The same goes for natural gas. Natural gas producers are able to pass on cost increases to customers with little-to-no negative impact, largely because energy is an essential commodity. Though these are generally pass-through expenses that don’t net energy companies increased profits, they nevertheless preserve margins in times of economic turbulence.
Top Performing Energy Stocks in 2022
Energy stocks during a crisis can be a smart way for investors to safeguard themselves if they choose to remain in equities. The stability of energy stocks—many of which pay a healthy dividend—is an attractive draw in markets that are in decline or trading sideways. In protracted bear markets, energy stocks can even behave similarly to bonds for those seeking income investments with upside.

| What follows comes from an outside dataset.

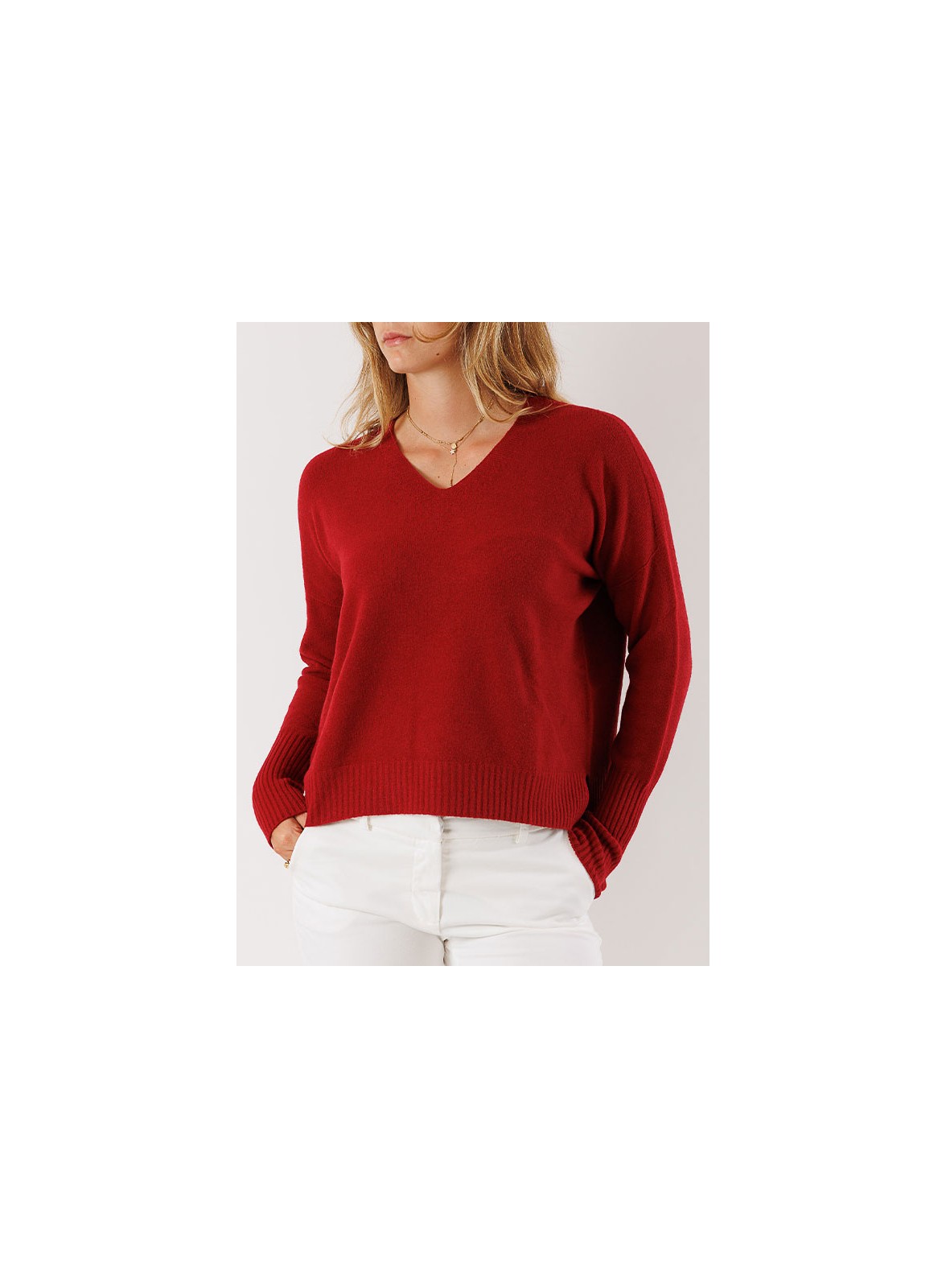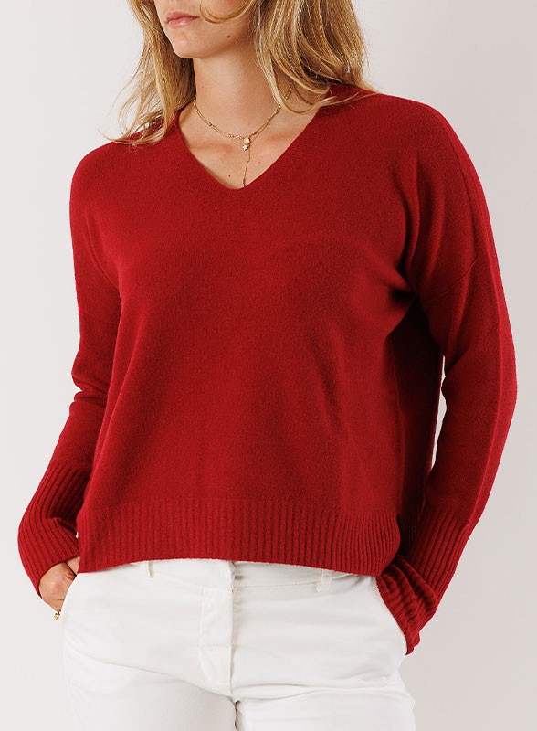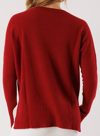 Questa maglia firmata KONTATTO è un capo versatile e contemporaneo, pensato per accompagnare la donna moderna in ogni occasione. Realizzata con un fit over che garantisce comodità e libertà di movimento, presenta un elegante scollo a V e maniche lunghe con taglio spalla scesa. I profili a costine sottili aggiungono un tocco raffinato, rendendola ideale da indossare sia in abbinamenti casual che in look più ricercati.

To better understand the draw of energy stocks during a crisis, look no further than some of the top performers of 2022. These companies are all strongly outperforming the year-to-date S&P 500 return of -11%:
- Chevron (NYSE: CVX) is up over 32% year-to-date and pays a 3.58% dividend.
- ConocoPhillips (NYSE: COP) is up 30% this year and pays a healthy 2.45% dividend.
- ExxonMobil (NYSE: XOM) is up more than 20% year-to-date and pays a 4.5% dividend
- Shell (NYSE: SHEL) is up over 12% year-to-date and pays a dividend of 3.56%.
As a whole, the energy sector has handily beat every other sector so far in 2022. Integrated oil and gas companies are up an average of 20-30%, followed by similar year-to-date increases by pure-play energy providers. Even equipment service providers and midstream energy companies have seen market-beating gains in 2022. This, while almost every other sector shows red this year. It’s a compelling argument for energy stocks during a crisis.
What About Renewables?
You can’t talk about the energy market in 2022 without discussing renewables. As climate change comes more and more into focus, demand for renewables is certainly on the rise. This includes everything from solar and wind energy production to renewable-focused products like electric vehicles.
Unfortunately, while oil and natural gas stocks outperform in times of economic turbulence, renewables aren’t so well insulated. It comes back to the essential nature of fossil fuels. Renewables simply aren’t utilized in a critical capacity yet and thus, are less essential. While this is likely to change in the future, during a crisis isn’t the time to put a bet on emerging tech in the renewables space.
In contrast to petroleum and natural gas producers, solar and wind energy stocks are down sharply in 2022. Emerging leaders like First Solar, Inc. (NASDAQ: FSLR) and SunPower Corporation (NASDAQ: SPWR) are both down 10-15% year-to-date. Meanwhile, the First Trust Global Wind Energy ETF (NYSEARCA: FAN) is down ~8% year-to-date. While the future of renewables is all but certain, market turbulence reminds us that these energy producers aren’t yet proven in a down market.
Investor Sentiment on Energy Stocks During a Crisis
Beyond stability and predictability in a crisis, energy stocks appear poised for success in the near-term—at least, according to investor sentiment.
Nothing screams long-term investment opportunity like portfolio additions from legendary investor Warren Buffett. Buffett’s holding company Berkshire Hathaway (NYSE: BRK.B) recently purchased 91 million shares of Occidental Petroleum (NYSE: OXY): roughly 10% of the company’s current float. It’s not just a bet on the integrated oil and gas giant; it’s a bet on the energy market’s performance over the next few years.
As stock markets continue to ride the wave of global economic uncertainty and weather crisis after crisis, energy stocks continue to solidify themselves as safer investments. For those committed to equities regardless of market outlook, energy stocks during a crisis offer safe haven potential. Or, at least, safe enough for one of the most successful investors of all time.